This seems to be the same issue as #2440.

BTW: You can ping me in the LiveKit Community Slack. I'm happy to share more logs and setup details.

gysel avatar Feb 08 '24 10:02 gysel

Thanks for the report. I think this is fixed by https://github.com/livekit/psrpc/pull/80. this will be released in 1.5.3

davidzhao avatar Feb 10 '24 07:02 davidzhao

Hi @davidzhao thanks,
I have tested the fix, actually it seems to resolve our issue.
Since it's going to be released in 1.5.3
Do you have an idea when the version will be available ?

Regards

kannonski avatar Feb 12 '24 16:02 kannonski

I'm actually facing the same problem.

@davidzhao, could you specify which versions of Ingress and Egress address this issue? It seems that these services are also unable to reconnect after a Redis restart.

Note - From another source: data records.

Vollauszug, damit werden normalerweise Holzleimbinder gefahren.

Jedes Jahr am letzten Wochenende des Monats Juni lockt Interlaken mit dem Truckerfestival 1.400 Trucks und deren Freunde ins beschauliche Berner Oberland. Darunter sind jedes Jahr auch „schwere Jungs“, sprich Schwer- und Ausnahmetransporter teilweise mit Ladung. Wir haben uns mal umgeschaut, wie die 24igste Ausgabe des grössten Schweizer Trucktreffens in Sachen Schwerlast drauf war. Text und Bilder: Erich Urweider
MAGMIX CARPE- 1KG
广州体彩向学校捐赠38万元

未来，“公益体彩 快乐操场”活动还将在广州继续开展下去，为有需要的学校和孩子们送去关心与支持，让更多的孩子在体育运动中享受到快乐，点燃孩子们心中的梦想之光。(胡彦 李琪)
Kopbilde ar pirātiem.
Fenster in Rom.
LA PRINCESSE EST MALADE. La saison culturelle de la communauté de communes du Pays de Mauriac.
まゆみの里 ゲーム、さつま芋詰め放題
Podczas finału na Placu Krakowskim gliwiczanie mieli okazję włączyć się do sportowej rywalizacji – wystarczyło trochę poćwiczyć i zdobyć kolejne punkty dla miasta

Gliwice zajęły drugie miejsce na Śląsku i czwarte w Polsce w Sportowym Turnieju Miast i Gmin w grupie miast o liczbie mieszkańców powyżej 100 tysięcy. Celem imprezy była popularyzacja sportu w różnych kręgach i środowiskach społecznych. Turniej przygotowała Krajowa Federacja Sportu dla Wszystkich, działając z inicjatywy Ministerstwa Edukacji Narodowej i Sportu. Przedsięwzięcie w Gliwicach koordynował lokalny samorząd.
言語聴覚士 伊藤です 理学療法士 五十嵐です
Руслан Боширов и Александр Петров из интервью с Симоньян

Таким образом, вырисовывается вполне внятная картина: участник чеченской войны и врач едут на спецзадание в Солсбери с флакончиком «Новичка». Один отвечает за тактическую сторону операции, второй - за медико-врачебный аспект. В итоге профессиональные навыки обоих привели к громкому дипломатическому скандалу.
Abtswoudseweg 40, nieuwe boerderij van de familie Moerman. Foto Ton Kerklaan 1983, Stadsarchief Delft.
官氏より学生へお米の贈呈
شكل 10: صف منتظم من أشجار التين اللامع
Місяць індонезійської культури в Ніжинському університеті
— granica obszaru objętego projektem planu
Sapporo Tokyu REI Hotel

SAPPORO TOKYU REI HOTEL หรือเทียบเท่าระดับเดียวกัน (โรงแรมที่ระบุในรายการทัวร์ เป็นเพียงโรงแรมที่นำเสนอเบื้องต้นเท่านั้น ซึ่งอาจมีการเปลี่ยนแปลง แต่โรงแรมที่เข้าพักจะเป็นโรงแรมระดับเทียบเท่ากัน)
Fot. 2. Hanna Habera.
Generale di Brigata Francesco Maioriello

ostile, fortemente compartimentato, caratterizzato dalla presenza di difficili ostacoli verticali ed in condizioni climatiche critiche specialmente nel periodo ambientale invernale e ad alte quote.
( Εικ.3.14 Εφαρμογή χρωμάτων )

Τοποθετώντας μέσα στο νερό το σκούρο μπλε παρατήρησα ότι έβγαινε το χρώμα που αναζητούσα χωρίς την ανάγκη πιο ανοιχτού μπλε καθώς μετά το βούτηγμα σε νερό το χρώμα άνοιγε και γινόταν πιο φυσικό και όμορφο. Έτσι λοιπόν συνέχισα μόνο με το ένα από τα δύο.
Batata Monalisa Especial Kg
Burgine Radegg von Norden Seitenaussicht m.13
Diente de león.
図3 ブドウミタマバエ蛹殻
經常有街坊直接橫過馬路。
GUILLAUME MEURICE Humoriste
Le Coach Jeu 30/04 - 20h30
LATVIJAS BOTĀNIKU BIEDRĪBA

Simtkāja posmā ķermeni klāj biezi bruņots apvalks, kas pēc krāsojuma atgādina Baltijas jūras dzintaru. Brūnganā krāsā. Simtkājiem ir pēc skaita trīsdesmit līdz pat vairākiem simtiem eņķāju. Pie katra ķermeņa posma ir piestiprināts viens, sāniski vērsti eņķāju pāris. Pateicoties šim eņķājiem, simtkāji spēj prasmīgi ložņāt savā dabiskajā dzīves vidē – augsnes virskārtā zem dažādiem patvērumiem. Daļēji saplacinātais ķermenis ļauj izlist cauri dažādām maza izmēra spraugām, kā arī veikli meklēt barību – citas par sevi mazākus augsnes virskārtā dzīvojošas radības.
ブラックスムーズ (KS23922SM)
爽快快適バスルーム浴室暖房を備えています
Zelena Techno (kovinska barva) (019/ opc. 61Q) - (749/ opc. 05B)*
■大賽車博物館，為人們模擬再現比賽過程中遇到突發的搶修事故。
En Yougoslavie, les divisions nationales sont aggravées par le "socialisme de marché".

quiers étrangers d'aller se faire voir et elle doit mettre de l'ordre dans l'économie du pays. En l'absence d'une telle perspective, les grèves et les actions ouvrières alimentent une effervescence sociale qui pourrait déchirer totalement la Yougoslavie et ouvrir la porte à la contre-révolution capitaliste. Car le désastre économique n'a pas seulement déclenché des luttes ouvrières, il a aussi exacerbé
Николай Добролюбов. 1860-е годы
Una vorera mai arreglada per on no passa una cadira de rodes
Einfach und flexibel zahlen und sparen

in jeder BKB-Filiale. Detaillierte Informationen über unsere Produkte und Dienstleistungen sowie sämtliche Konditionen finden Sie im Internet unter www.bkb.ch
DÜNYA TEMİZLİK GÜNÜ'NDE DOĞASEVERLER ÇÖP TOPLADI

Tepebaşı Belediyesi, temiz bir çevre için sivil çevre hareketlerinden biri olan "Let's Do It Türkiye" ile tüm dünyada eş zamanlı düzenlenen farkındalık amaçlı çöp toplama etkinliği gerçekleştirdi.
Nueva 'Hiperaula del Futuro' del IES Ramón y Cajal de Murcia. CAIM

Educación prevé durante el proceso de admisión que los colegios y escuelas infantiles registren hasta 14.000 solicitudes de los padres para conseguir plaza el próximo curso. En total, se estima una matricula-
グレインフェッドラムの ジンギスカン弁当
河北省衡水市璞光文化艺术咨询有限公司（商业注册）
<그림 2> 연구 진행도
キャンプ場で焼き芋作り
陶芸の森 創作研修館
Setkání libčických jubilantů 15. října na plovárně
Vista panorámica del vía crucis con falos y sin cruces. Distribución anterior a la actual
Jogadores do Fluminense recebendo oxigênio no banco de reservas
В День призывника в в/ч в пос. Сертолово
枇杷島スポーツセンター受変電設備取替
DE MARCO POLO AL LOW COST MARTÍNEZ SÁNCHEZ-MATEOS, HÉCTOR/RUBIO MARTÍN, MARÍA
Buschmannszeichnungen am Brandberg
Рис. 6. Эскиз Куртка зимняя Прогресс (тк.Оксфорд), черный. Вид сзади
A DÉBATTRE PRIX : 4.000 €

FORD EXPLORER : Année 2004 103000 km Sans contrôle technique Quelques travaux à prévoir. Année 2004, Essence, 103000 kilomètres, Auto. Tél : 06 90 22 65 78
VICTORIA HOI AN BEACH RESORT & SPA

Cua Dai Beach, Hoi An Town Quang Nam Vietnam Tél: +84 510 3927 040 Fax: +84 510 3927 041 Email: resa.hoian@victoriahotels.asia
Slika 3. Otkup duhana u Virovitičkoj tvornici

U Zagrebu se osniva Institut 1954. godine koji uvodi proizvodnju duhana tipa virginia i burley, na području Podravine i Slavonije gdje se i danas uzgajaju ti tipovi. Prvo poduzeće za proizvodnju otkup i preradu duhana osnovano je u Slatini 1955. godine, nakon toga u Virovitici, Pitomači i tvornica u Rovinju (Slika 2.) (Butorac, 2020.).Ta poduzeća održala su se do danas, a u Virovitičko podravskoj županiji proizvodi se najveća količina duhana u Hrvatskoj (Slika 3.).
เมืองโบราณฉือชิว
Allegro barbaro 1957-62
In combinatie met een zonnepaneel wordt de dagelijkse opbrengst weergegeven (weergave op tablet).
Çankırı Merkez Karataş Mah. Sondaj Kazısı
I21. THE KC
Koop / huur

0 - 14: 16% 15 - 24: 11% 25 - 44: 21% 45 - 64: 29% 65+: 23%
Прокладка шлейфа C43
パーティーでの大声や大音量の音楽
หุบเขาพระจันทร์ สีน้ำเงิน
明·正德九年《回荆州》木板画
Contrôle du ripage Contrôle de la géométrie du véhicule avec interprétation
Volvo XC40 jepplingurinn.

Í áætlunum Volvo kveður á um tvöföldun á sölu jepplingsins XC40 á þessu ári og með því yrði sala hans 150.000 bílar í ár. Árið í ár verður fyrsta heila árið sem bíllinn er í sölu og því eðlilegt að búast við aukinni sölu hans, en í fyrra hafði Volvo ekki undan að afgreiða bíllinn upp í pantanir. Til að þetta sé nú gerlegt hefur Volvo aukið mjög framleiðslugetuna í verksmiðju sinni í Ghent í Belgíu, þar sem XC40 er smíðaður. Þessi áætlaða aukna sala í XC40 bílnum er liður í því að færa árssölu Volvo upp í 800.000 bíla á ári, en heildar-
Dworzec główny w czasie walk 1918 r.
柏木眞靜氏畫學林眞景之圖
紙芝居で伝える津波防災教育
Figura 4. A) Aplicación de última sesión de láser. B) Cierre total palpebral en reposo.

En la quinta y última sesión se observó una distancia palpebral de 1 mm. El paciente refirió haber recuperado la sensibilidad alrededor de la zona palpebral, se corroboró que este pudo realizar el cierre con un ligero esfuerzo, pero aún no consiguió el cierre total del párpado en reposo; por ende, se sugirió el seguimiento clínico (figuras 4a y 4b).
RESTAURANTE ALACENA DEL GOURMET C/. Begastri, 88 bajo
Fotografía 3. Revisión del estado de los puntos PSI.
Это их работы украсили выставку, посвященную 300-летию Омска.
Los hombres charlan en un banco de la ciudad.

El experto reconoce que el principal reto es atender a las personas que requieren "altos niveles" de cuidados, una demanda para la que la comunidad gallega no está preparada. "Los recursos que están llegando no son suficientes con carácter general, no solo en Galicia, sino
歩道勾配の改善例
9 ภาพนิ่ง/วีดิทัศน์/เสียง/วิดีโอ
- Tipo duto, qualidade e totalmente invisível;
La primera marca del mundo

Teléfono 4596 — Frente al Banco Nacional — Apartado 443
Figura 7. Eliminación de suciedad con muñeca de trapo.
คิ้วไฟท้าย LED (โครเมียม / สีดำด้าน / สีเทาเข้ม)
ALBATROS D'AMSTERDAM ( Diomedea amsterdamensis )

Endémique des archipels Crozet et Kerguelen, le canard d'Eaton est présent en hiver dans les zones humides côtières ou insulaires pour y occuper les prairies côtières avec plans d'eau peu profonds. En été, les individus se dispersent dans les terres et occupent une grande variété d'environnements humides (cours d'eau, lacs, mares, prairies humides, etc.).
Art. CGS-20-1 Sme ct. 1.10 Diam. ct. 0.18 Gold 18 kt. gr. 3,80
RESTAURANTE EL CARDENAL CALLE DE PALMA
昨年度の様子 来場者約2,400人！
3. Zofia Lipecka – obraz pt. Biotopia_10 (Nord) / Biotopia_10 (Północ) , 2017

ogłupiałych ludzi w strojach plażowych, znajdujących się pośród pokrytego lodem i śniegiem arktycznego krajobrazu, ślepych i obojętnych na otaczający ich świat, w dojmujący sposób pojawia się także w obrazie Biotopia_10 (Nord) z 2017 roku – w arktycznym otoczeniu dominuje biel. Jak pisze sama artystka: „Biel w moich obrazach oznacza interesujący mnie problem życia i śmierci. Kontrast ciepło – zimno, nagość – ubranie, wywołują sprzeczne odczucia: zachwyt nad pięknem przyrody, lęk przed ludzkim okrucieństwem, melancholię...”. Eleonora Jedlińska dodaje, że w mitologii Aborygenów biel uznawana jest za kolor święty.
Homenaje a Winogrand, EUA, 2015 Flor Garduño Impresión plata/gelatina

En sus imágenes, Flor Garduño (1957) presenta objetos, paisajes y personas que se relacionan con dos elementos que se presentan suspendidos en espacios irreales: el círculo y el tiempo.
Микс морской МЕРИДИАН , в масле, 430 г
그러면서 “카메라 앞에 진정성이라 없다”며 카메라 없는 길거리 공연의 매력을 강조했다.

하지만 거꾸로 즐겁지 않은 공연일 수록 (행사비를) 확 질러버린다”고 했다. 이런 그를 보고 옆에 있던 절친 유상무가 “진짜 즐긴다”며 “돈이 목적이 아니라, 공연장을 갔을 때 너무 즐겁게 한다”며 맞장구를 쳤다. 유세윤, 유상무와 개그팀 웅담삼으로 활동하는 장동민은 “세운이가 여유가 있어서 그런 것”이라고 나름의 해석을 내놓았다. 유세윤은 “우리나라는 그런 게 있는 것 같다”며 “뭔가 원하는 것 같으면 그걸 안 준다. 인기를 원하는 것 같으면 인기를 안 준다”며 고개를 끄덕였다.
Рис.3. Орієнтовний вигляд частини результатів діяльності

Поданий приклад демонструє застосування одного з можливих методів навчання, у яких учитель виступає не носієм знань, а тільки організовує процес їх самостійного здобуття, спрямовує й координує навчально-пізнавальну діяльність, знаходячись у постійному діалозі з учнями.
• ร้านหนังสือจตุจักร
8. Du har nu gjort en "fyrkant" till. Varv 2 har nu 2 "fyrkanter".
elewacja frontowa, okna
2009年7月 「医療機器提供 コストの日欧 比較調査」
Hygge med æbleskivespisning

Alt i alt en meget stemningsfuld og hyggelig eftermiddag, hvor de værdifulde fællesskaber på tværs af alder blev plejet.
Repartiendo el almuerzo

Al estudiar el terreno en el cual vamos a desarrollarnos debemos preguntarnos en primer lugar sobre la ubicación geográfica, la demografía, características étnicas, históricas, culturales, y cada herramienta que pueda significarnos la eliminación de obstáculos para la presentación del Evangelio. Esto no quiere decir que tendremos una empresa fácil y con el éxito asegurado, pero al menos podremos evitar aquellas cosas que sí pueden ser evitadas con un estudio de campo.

cruizba avatar Feb 22 '24 19:02 cruizba

@kannonski @cruizba the fixes have been released in 1.5.3. Do you want to give it a try and see if that resolves your issues?

davidzhao avatar Feb 23 '24 06:02 davidzhao

We (@kannonski and me) can no longer reproduce the issue after the update to 1.5.3.

gysel avatar Feb 27 '24 09:02 gysel

Thanks for the confirmation @gysel !

davidzhao avatar Feb 27 '24 19:02 davidzhao